AI news daily brief: 2026-07-01

Ten stories today. Anthropic had the biggest single day in the brief's history: a new default model and a scientific research platform shipped at the same time. Alongside: the first Apple patch cycle to credit AI tools, a live MCP attack vector with no patch yet, a non-invasive BCI at surgical-implant accuracy, and a transformer-only chip company that just closed $1 billion in orders.

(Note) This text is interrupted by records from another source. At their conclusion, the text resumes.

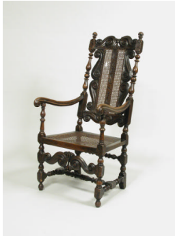
Title: Armchair Date: 19th century Medium: Walnut Dimensions: 49 x 23 1/2 x 28 in. (124.5 x 59.7 x 71.1 cm)
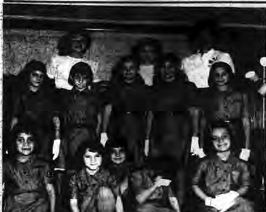
BROWNIE TROOPS 685, 594, and 370 of Robbins Lane, Jericho, neighborhood were invested recently into the Girl Scouts.
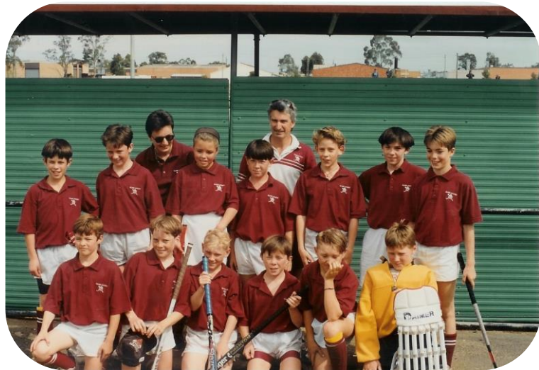
1994 Glebe U/11 Redback's. Photo taken at Moorebank Hockey Complex at the conclusion of the grand-final. With Glebe defeating Sutherland.
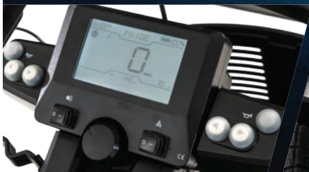
LCD digital display
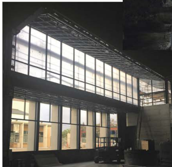
Side doors and windows of the church with the Baptismal Font (still packaged, bottom right), May 2015

Grace is defined as both an elegance and beauty of form as in charm or fluidity, as well as a manifestation of favor, especially by a superior. I feel we can see grace woven into every facet of our Permanent Church... into each carefully thought out work of art, and in the palpable presence of the Holy Spirit—our superior, guide, and friend.
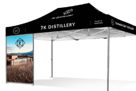
1.5m FULL WALL

Standard colours, single side or double side custom print. Hardware: 2.6m kedar wall bar plus a Q8 instert leg.
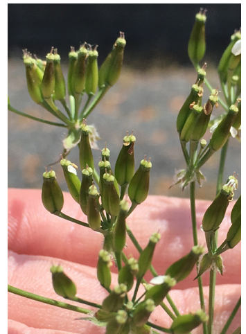
Seeds CREDIT: ISCMV
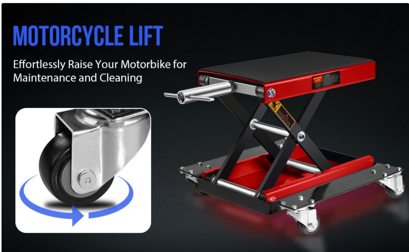
Image 1.1: Festisoul Motorcycle Scissor Jack Lift in use, supporting a motorcycle for maintenance.

This manual provides instructions for the safe and effective use of your Festisoul Motorcycle Scissor Jack Lift. This heavy-duty lift is designed to support motorcycles, dirt bikes, cruisers, and ATVs up to 1100 lbs (500 kg) for maintenance and cleaning tasks. It features a wide deck, a 3mm thick reinforced tray, and a center crank stand for stable lifting.
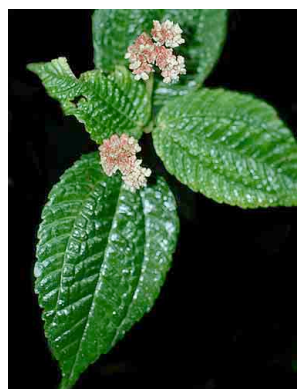
97 Pilea URTICACEAE
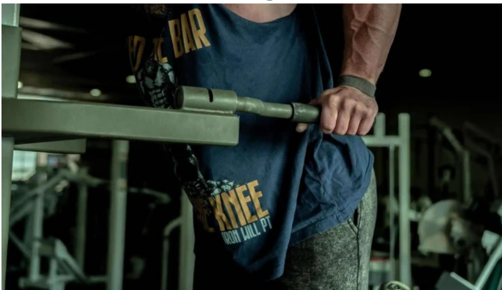
Fully charged fitness where

Anthropic ships Claude Sonnet 5 as the new default for Free and Pro plans at $2/$10 per million tokens through August 31

Anthropic replaced Claude Sonnet 4.6 with Sonnet 5 as the default model across Free and Pro tiers on June 30. Per the Anthropic announcement, Sonnet 5 beats Sonnet 4.6 on agentic coding benchmarks and matches Opus 4.8 on several evaluation sets including SWE-bench. The model is available in Claude.ai, Claude Code, and the API as claude-sonnet-5, with a 200K token context window. Introductory API pricing is $2 per million input tokens and $10 per million output tokens through August 31, after which standard rates apply. Anthropic described Sonnet 5 as the "recommended default for most production use cases." Teams currently on Sonnet 4.6 in production should note the August 31 pricing cliff: the introductory rate may make a switch economical now, but the post-August rate is the one to budget against.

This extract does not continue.